Lamunan Mentari buyar ketika sesuatu telah melingkar dengan sempurna di pinggangnya. Ia sedikit terlonjak mendapati Saka tengah memeluknya dari belakang. Ia membuat pergerakan kecil untuk melepas lengan Saka agar laki-laki itu tidak menyadari jika degup jantungnya tiba-tiba tidak beraturan. Tubuhnya merinding ketika nafas Saka menyapu lehernya. Ia tidak nyaman dengan situasi seperti ini.
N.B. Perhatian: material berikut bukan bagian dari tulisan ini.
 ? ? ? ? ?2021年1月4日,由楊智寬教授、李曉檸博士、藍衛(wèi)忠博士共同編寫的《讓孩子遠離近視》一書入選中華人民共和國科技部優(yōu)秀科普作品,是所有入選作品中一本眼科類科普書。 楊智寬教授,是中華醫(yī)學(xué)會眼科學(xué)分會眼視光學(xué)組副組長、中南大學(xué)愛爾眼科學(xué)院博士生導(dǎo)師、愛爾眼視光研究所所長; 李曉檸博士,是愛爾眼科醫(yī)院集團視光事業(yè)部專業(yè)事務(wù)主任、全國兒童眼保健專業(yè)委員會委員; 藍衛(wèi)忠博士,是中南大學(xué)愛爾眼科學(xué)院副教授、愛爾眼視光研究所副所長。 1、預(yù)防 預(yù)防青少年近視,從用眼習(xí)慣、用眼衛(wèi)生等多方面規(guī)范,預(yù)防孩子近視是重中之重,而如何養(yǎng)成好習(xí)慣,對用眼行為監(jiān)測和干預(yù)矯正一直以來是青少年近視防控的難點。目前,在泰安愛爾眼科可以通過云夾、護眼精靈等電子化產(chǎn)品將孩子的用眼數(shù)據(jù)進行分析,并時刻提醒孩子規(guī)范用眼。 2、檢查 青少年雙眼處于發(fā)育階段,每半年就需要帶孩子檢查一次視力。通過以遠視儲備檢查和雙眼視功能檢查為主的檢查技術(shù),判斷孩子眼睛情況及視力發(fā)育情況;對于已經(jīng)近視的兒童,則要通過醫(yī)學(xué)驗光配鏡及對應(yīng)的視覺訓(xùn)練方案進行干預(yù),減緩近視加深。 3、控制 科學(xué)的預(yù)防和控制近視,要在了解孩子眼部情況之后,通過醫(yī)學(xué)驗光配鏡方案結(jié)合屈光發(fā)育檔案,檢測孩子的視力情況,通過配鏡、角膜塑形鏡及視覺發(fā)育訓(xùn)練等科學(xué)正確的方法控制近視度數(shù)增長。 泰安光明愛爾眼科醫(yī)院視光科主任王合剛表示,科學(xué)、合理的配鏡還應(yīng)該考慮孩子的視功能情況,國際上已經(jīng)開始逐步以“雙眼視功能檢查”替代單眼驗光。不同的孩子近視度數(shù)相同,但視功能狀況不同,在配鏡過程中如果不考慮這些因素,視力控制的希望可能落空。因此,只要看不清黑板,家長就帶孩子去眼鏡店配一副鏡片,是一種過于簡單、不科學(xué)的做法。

"Biarkan seperti ini dulu. Aku merindukanmu," bisik Saka yang kemudian menenggelamkan wajahnya pada ceruk leher Mentari. Menghisap aroma tubuh Mentari yang selalu menjadi candunya. Mempererat lingkarannya seolah hanya dia pemiliknya. Memaksa Mentari untuk menahan nafas agar tak melakukan tingkah konyol.
"Jangan seperti ini, ibumu bisa lihat," kata Mentari beralasan, "aku takut ibu berpikir macam-macam tentangku." Ia mencoba meyakinkan Saka agar mau melepaskannya.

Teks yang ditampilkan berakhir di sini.